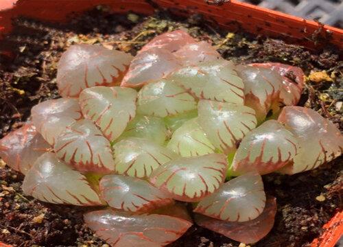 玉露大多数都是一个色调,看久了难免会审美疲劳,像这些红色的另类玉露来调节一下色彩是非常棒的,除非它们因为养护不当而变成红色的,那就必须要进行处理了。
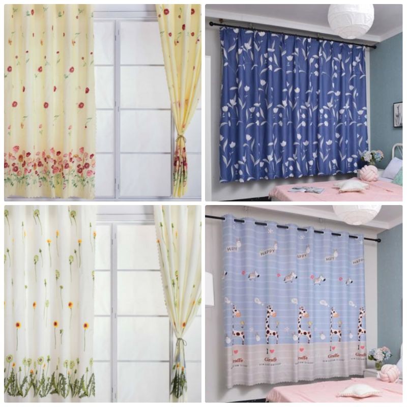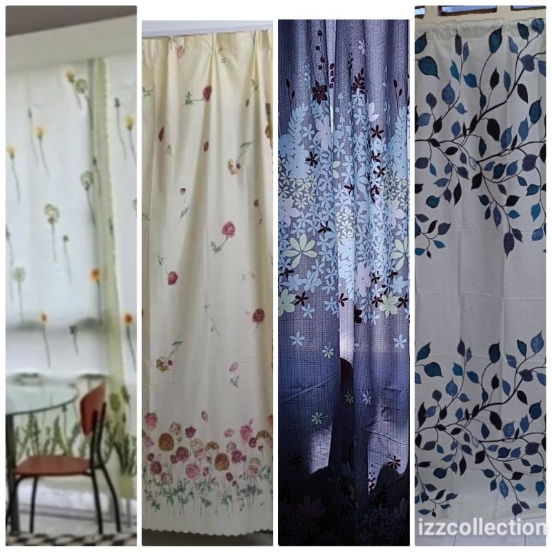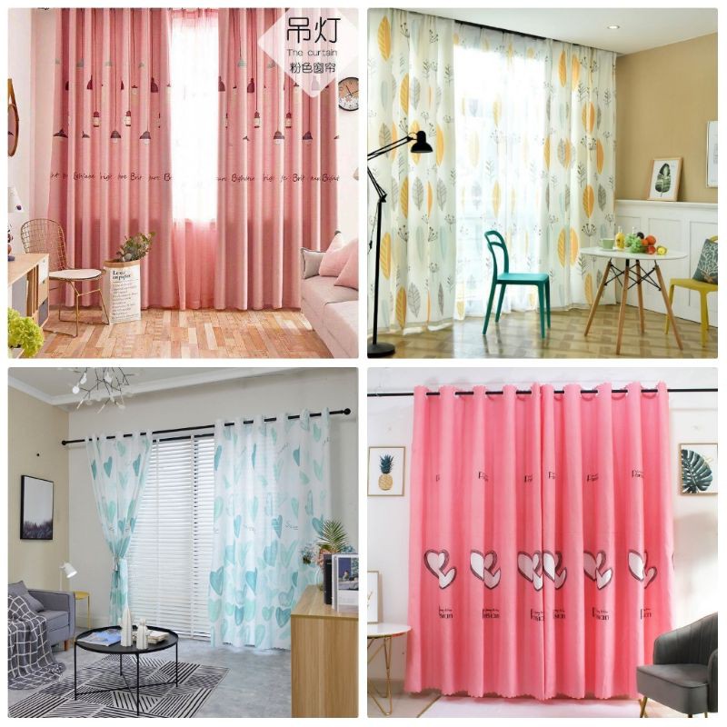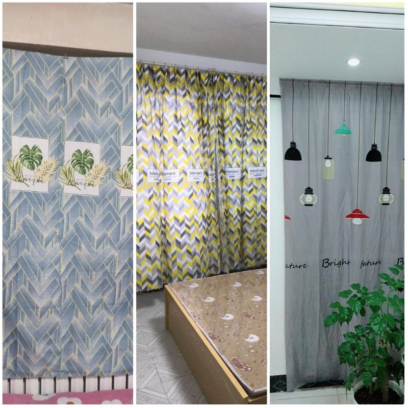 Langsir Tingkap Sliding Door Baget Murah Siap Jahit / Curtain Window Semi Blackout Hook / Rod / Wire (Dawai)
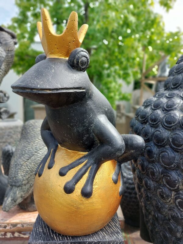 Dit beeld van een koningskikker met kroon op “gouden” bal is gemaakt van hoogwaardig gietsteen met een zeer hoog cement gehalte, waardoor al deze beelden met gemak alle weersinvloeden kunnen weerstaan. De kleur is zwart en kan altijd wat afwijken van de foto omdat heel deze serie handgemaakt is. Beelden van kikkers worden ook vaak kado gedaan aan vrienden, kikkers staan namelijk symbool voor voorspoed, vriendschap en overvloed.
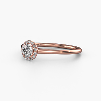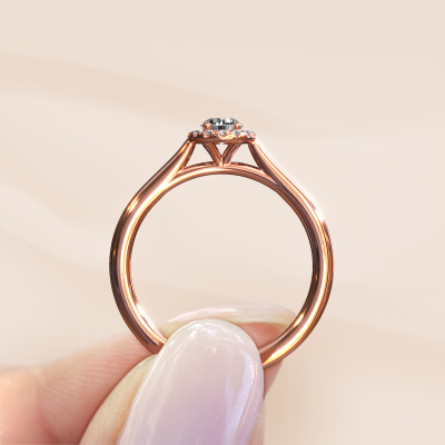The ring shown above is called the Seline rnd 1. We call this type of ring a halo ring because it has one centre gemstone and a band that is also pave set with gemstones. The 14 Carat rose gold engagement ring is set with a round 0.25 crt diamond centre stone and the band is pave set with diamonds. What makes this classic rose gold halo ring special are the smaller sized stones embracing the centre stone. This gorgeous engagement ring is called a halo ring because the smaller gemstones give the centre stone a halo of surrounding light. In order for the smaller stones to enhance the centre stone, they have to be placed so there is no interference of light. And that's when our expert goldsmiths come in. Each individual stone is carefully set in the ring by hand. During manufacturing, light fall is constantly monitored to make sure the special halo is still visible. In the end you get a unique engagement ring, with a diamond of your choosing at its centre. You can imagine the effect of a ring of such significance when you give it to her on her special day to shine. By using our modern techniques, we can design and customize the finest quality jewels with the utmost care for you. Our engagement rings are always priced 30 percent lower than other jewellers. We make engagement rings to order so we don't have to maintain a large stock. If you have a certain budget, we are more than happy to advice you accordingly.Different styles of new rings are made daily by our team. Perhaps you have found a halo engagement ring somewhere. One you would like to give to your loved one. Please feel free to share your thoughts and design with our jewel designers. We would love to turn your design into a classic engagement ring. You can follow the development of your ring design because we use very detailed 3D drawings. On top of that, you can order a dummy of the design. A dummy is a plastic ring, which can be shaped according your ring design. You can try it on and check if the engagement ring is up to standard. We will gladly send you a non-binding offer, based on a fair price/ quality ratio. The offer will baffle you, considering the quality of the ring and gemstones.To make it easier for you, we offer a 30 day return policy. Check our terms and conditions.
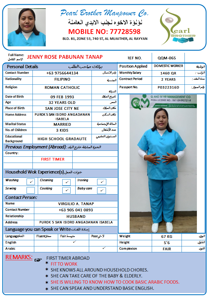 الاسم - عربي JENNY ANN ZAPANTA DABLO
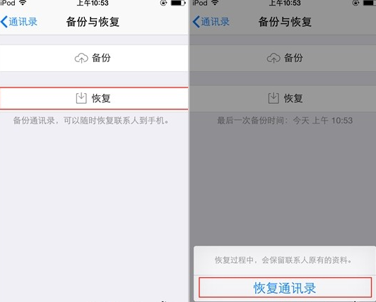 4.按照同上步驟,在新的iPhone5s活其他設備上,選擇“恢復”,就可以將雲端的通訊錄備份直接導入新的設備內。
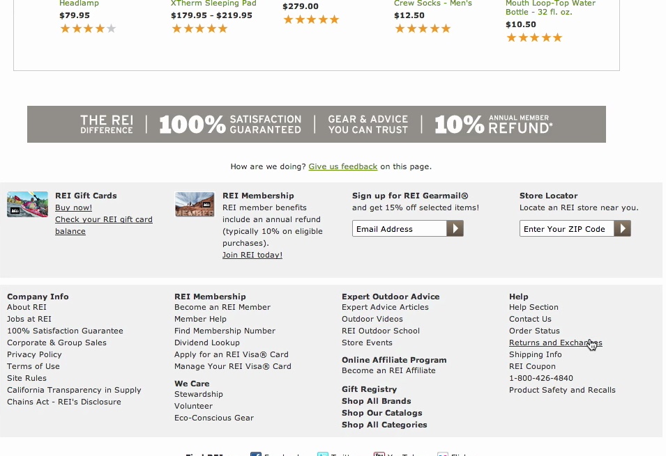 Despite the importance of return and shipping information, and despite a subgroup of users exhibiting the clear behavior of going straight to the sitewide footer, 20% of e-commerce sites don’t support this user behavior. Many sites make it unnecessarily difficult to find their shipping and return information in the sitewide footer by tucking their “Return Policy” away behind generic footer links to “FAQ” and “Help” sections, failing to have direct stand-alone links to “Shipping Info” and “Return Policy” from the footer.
--------------------------------------------------
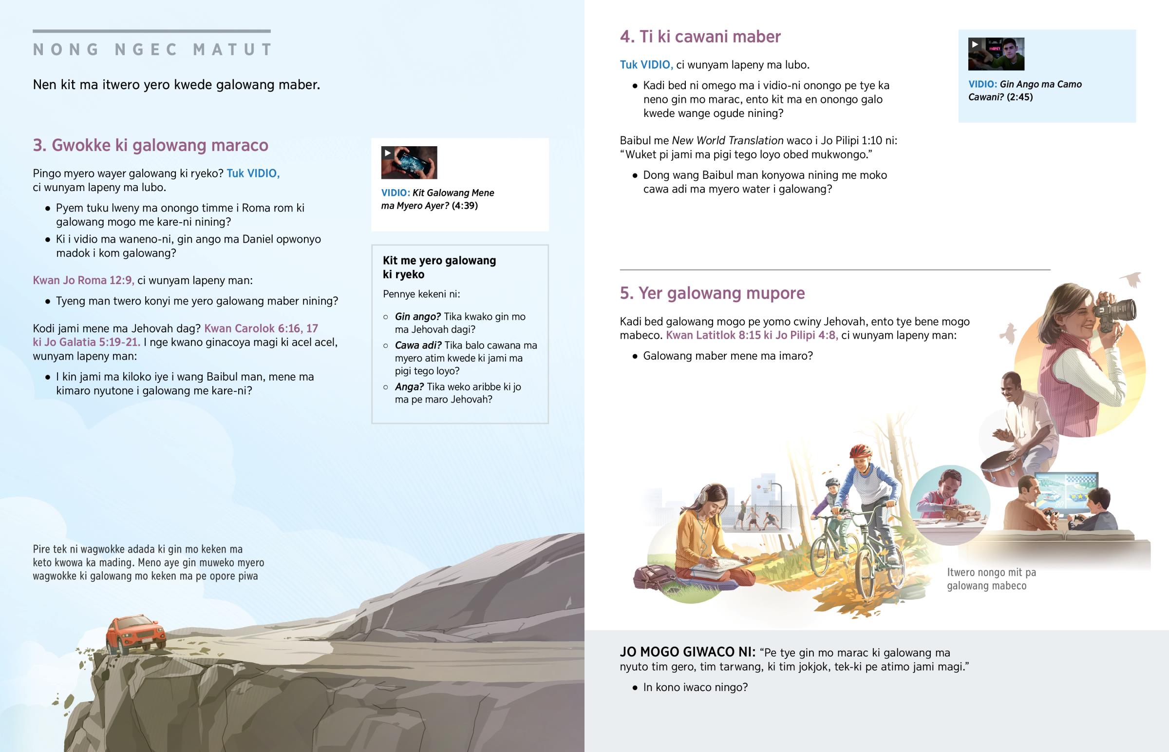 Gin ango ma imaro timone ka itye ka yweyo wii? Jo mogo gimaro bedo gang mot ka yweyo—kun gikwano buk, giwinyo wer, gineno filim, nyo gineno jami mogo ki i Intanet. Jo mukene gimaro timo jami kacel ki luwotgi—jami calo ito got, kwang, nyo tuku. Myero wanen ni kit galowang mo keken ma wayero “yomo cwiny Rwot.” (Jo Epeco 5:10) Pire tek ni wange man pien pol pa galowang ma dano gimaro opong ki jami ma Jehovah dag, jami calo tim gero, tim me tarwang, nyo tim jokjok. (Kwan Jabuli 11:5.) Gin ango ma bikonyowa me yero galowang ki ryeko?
--------------------------------------------------
■ **What this task involves**
Repeat exactly, and only, the entries from the line with "الاسم - عربي JENNY ANN ZAPANTA DABLO" through the line with "4.按照同上步驟,在新的iP". Pictures are skipped.

■ **Task output**
 الاسم - عربي JENNY ANN ZAPANTA DABLO
 4.按照同上步驟,在新的iPhone5s活其他設備上,選擇“恢復”,就可以將雲端的通訊錄備份直接導入新的設備內。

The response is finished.